▶ [Your instructions]: Omit all pictures and transcribe only the lines in the entries below that run from the line with "The bag closes" through the line with "Лампадка на сонячній".

--- --- ---

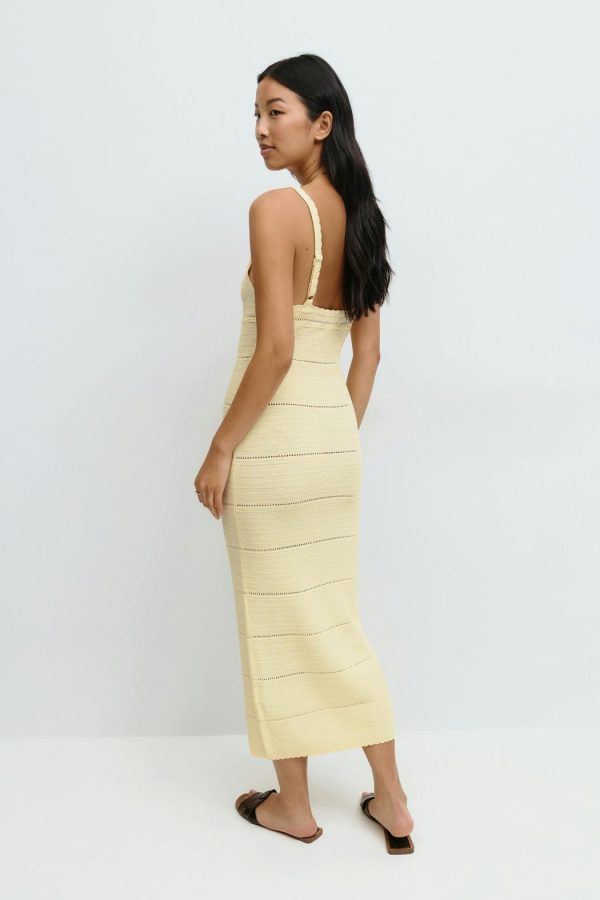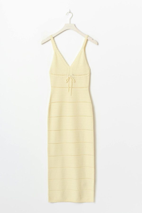 Stickad klänning med midilängd. Klänningen är gul och har en knytning fram. Den har justerbara axelband, vågiga kanter, figurnära passform, v-ringning och håldetaljer.
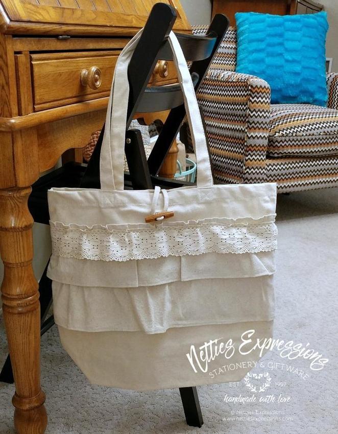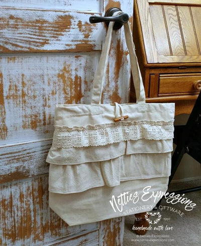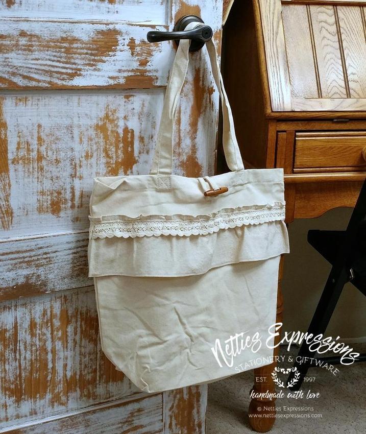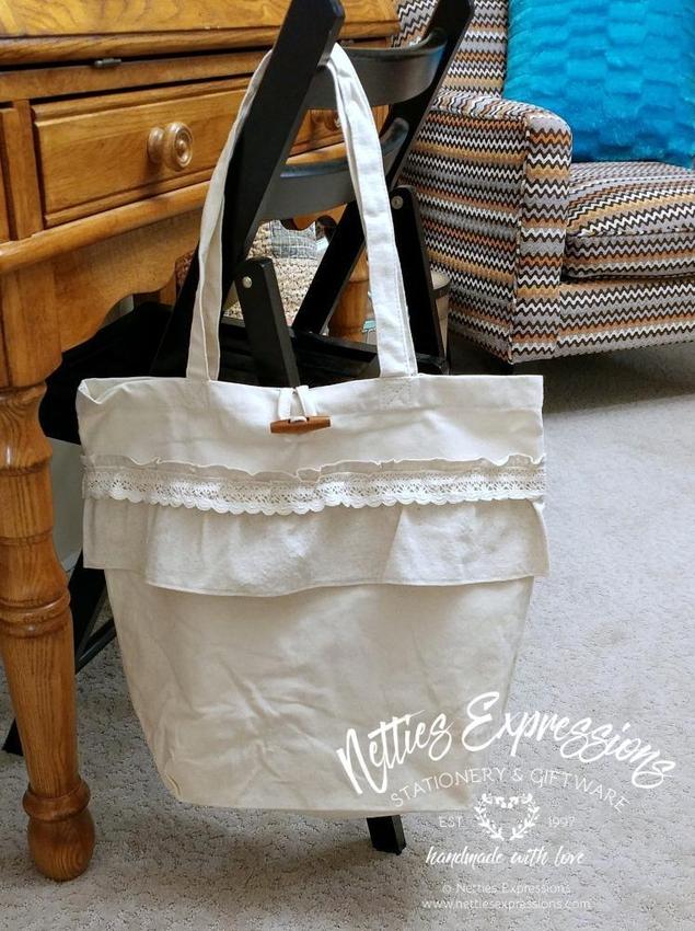 The bag closes with a stylish and eco-friendly wooden toggle. This bag is customized with cotton ruffles and cotton lace.
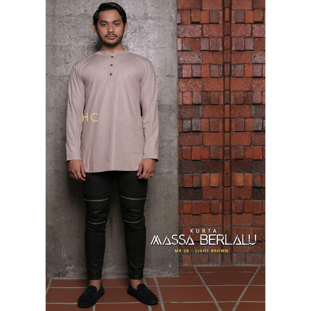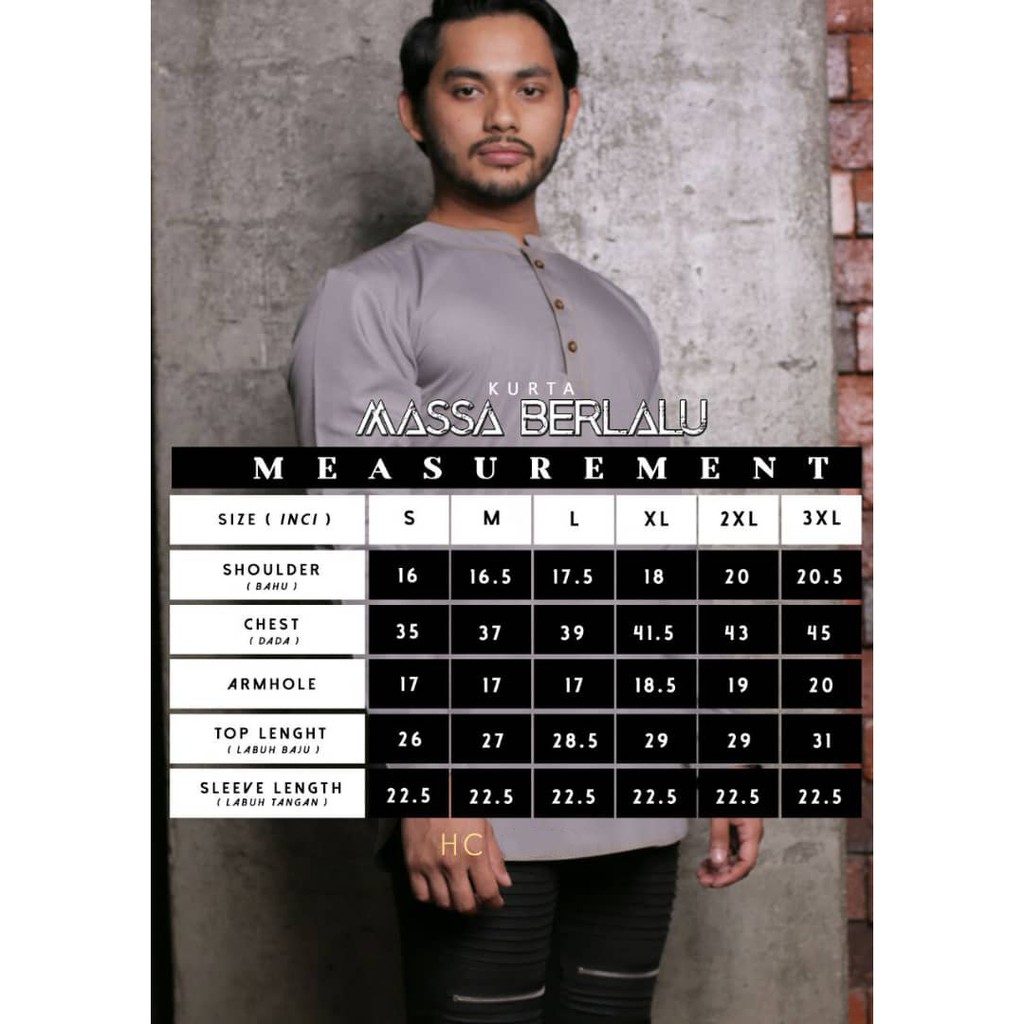 Kurta Massa - Kurta lelaki dewasa slim fit, berkolar, lengan panjang, cotton, sedondon ayah anak
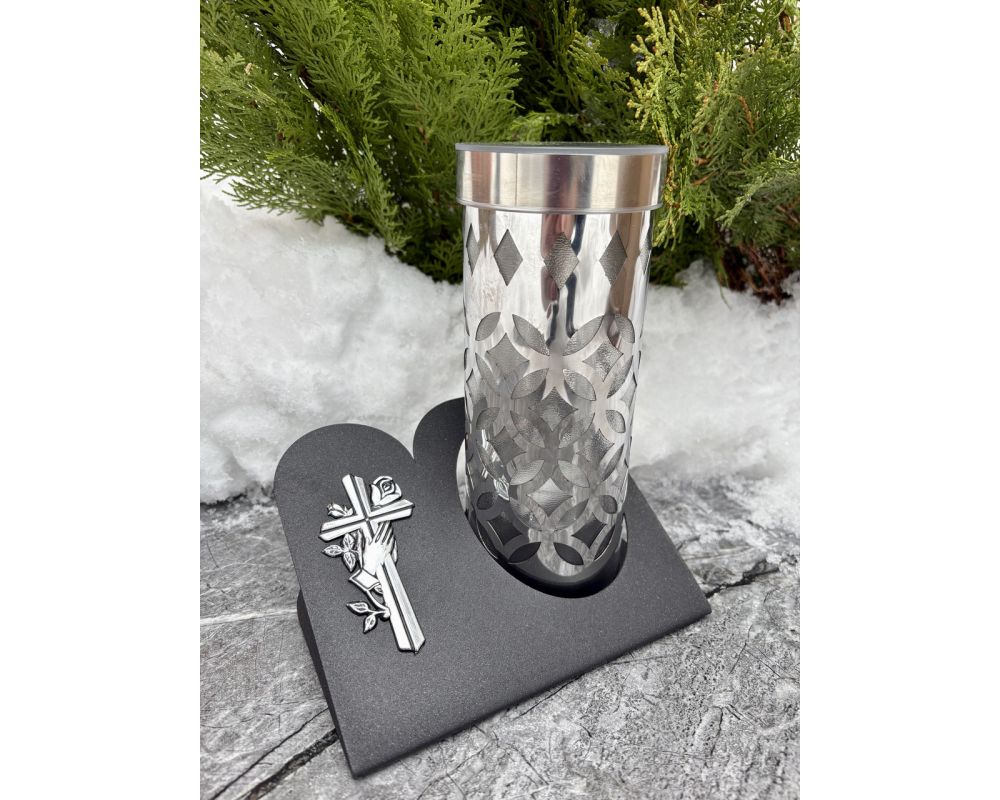 Лампадка на сонячній батареї металева з хрестом — LED, преміум дизайн. Розмір 21х18х13 см.
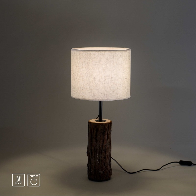 Den rustika bordslampan från BARKA-serien ger inte bara ljus utan är också ett dekorativt blickfång när den är avstängd. Den beigefärgade lampskärmen passar bra in i många inredningsstilar. Lampans bas är försedd med en naturlig träbark. Lampan levereras utan glödlampa och kan monteras med en E27 glödlampa på högst 40 watt. Du är alltså mycket flexibel när det gäller ljusstyrka och val av ljusfärg. Du kan bekvämt tända och släcka din bordslampa med hjälp av en strömbrytare. Placera din dekorativa blickfångare i ett av dina vardagsrum.

--- --- ---

▶ [Answer to the problem]:
 The bag closes with a stylish and eco-friendly wooden toggle. This bag is customized with cotton ruffles and cotton lace.
 Kurta Massa - Kurta lelaki dewasa slim fit, berkolar, lengan panjang, cotton, sedondon ayah anak
 Лампадка на сонячній батареї металева з хрестом — LED, преміум дизайн. Розмір 21х18х13 см.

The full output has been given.